◆ WHAT THIS TASK INVOLVES: The job is to find each line of the records below that includes the word "alta" and copy it.

(Records from a dataset)
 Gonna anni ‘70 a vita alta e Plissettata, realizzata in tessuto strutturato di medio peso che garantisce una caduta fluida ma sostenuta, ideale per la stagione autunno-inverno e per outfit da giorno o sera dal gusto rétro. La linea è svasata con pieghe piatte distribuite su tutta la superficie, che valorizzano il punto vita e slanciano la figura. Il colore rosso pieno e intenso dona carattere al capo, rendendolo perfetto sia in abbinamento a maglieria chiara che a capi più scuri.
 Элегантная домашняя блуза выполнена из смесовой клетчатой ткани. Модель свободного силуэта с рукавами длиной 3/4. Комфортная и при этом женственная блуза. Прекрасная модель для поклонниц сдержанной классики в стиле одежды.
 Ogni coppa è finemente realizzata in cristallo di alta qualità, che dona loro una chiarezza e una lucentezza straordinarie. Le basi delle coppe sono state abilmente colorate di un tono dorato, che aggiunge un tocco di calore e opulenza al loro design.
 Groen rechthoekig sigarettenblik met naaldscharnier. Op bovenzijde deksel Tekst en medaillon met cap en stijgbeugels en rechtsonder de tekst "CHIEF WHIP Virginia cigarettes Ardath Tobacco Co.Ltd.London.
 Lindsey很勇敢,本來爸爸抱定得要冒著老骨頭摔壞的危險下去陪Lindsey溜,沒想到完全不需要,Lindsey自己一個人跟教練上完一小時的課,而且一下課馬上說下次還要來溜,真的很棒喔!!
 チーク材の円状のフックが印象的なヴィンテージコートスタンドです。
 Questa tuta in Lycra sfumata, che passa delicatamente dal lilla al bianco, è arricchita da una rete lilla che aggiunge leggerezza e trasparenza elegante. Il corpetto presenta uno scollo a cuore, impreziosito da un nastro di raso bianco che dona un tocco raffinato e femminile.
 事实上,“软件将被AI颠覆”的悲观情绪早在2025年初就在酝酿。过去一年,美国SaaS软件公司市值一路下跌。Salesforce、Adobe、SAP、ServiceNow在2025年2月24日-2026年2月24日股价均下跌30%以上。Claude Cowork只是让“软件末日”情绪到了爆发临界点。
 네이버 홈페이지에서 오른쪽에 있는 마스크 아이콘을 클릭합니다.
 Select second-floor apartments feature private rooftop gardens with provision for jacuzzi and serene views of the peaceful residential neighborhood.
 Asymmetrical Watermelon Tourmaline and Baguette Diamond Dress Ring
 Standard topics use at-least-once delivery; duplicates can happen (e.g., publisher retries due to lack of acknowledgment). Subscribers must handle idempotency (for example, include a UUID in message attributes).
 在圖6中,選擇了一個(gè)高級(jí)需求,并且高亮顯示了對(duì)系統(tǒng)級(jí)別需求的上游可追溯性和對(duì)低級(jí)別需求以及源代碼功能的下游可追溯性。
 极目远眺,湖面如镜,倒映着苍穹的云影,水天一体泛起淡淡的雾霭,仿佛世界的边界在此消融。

◆ EXPECTED OUTPUT:
 Gonna anni ‘70 a vita alta e Plissettata, realizzata in tessuto strutturato di medio peso che garantisce una caduta fluida ma sostenuta, ideale per la stagione autunno-inverno e per outfit da giorno o sera dal gusto rétro. La linea è svasata con pieghe piatte distribuite su tutta la superficie, che valorizzano il punto vita e slanciano la figura. Il colore rosso pieno e intenso dona carattere al capo, rendendolo perfetto sia in abbinamento a maglieria chiara che a capi più scuri.
 Ogni coppa è finemente realizzata in cristallo di alta qualità, che dona loro una chiarezza e una lucentezza straordinarie. Le basi delle coppe sono state abilmente colorate di un tono dorato, che aggiunge un tocco di calore e opulenza al loro design.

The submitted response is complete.